(Data for this exercise Opens)

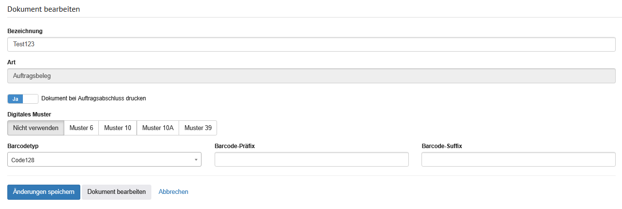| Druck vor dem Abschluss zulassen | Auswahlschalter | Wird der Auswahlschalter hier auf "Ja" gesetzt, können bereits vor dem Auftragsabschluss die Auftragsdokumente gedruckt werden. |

(Data for this exercise Closes)
(Data for this exercise Opens)

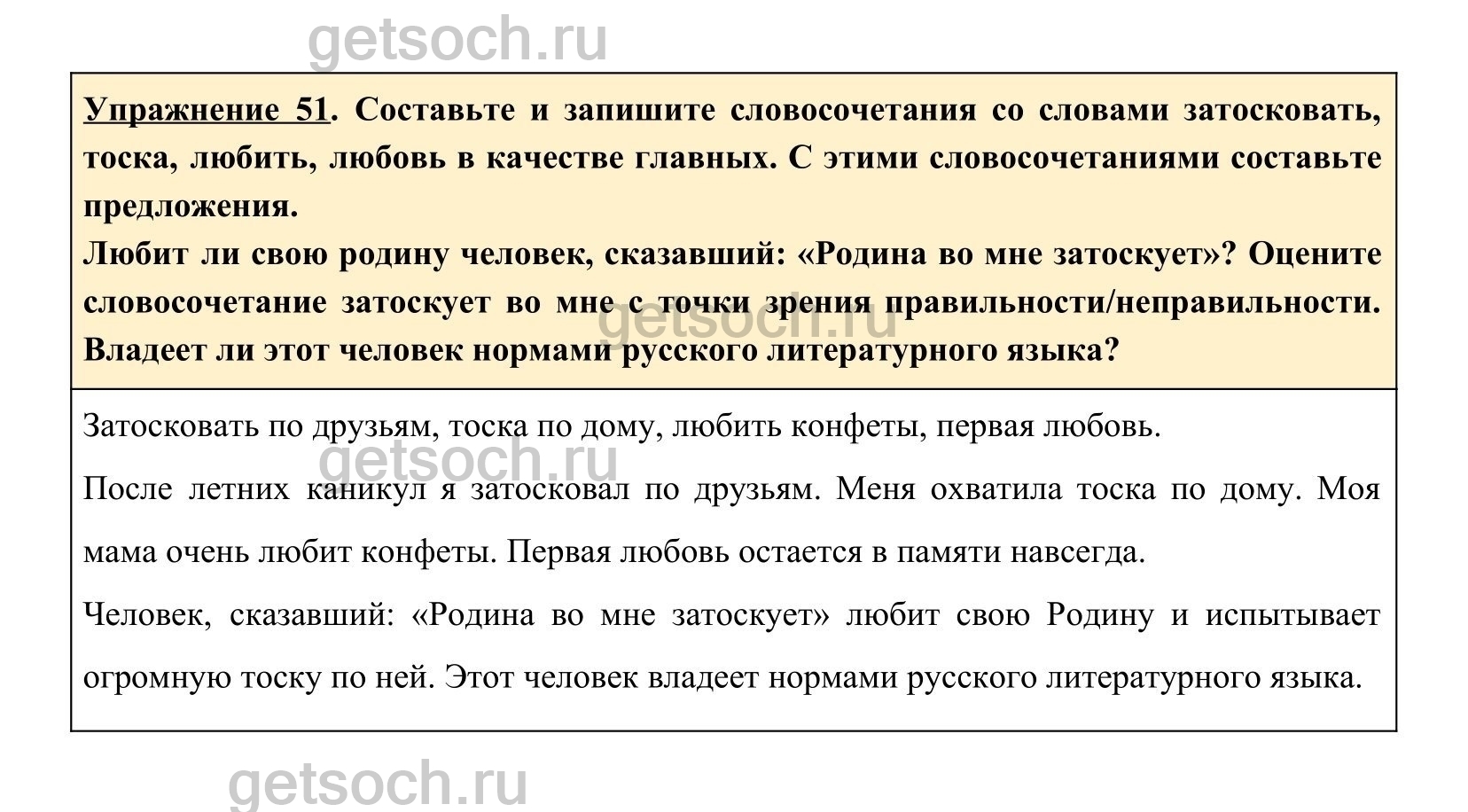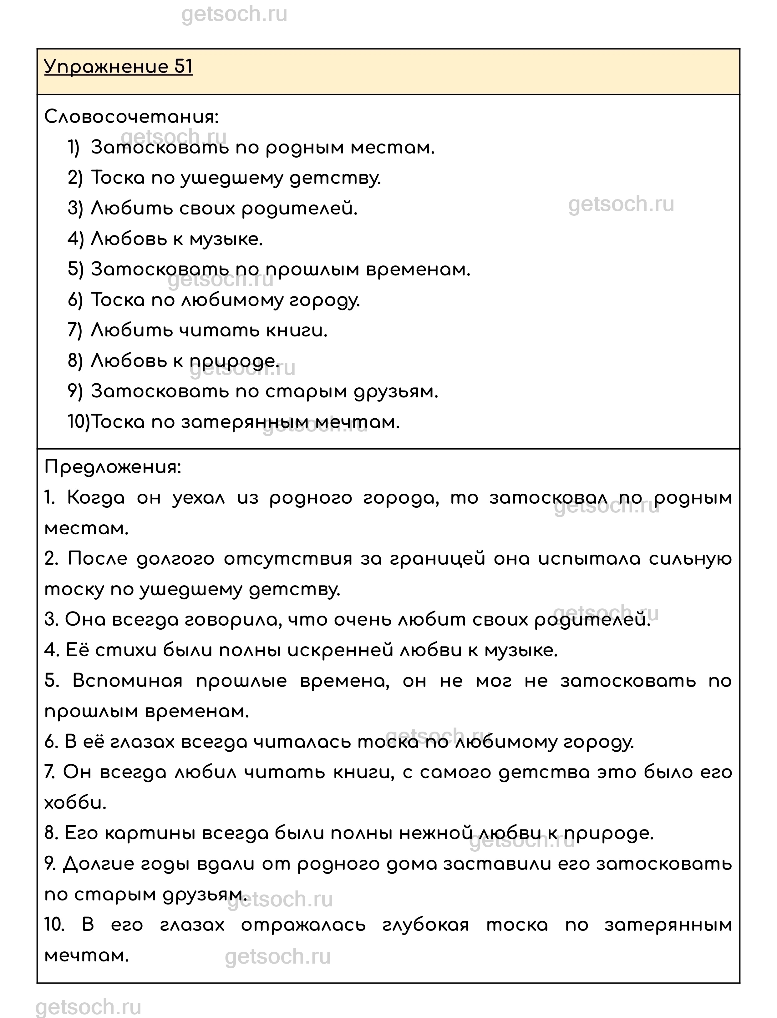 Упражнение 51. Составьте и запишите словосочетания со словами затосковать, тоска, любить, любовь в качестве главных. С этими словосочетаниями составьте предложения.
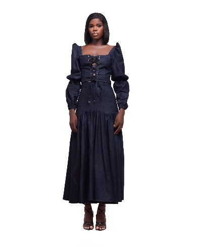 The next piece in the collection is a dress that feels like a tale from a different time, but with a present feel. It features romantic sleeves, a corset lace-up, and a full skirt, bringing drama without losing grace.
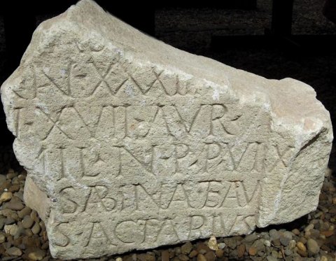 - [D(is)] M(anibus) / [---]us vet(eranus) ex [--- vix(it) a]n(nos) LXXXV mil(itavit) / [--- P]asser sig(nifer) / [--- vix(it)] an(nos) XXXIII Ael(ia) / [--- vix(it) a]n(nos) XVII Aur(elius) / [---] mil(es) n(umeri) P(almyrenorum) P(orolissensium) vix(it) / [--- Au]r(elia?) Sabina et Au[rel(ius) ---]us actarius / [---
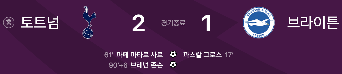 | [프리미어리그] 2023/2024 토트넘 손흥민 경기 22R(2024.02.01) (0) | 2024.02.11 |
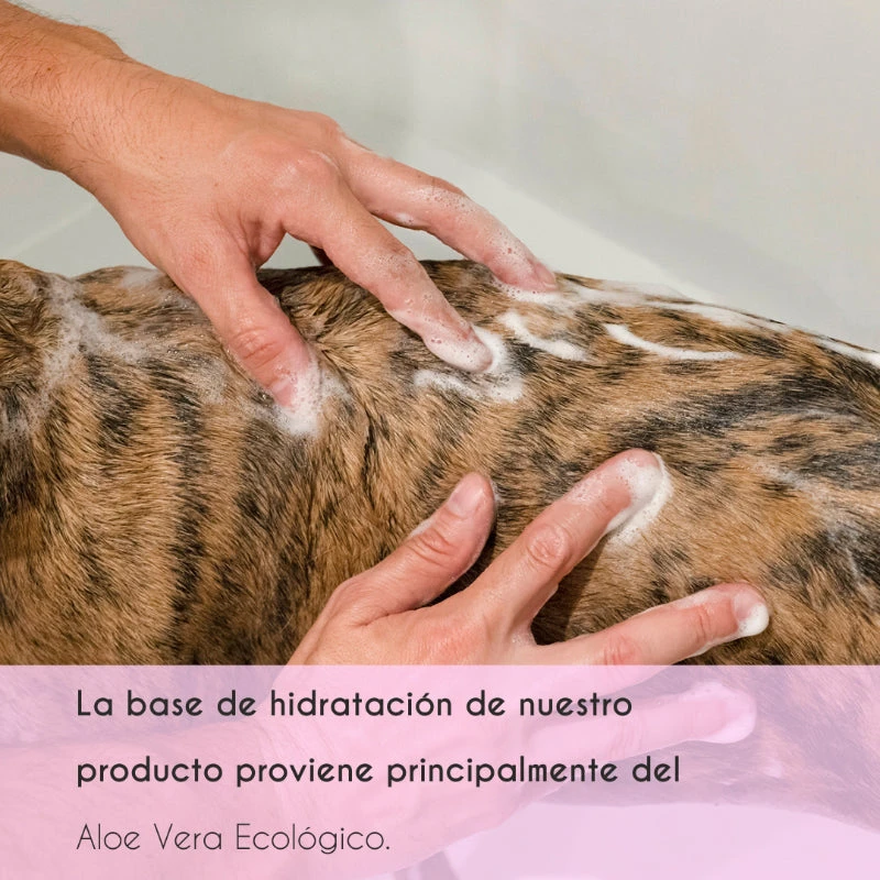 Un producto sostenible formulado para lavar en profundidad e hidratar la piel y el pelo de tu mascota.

(Data for this exercise Closes)

- **Exercise**
Reproduce the lines above beginning at the line that contains "The next piece" and ending at the line that contains "Un producto sostenible". No pictures.

- **Solution below**
 The next piece in the collection is a dress that feels like a tale from a different time, but with a present feel. It features romantic sleeves, a corset lace-up, and a full skirt, bringing drama without losing grace.
 - [D(is)] M(anibus) / [---]us vet(eranus) ex [--- vix(it) a]n(nos) LXXXV mil(itavit) / [--- P]asser sig(nifer) / [--- vix(it)] an(nos) XXXIII Ael(ia) / [--- vix(it) a]n(nos) XVII Aur(elius) / [---] mil(es) n(umeri) P(almyrenorum) P(orolissensium) vix(it) / [--- Au]r(elia?) Sabina et Au[rel(ius) ---]us actarius / [---
 | [프리미어리그] 2023/2024 토트넘 손흥민 경기 22R(2024.02.01) (0) | 2024.02.11 |
 Un producto sostenible formulado para lavar en profundidad e hidratar la piel y el pelo de tu mascota.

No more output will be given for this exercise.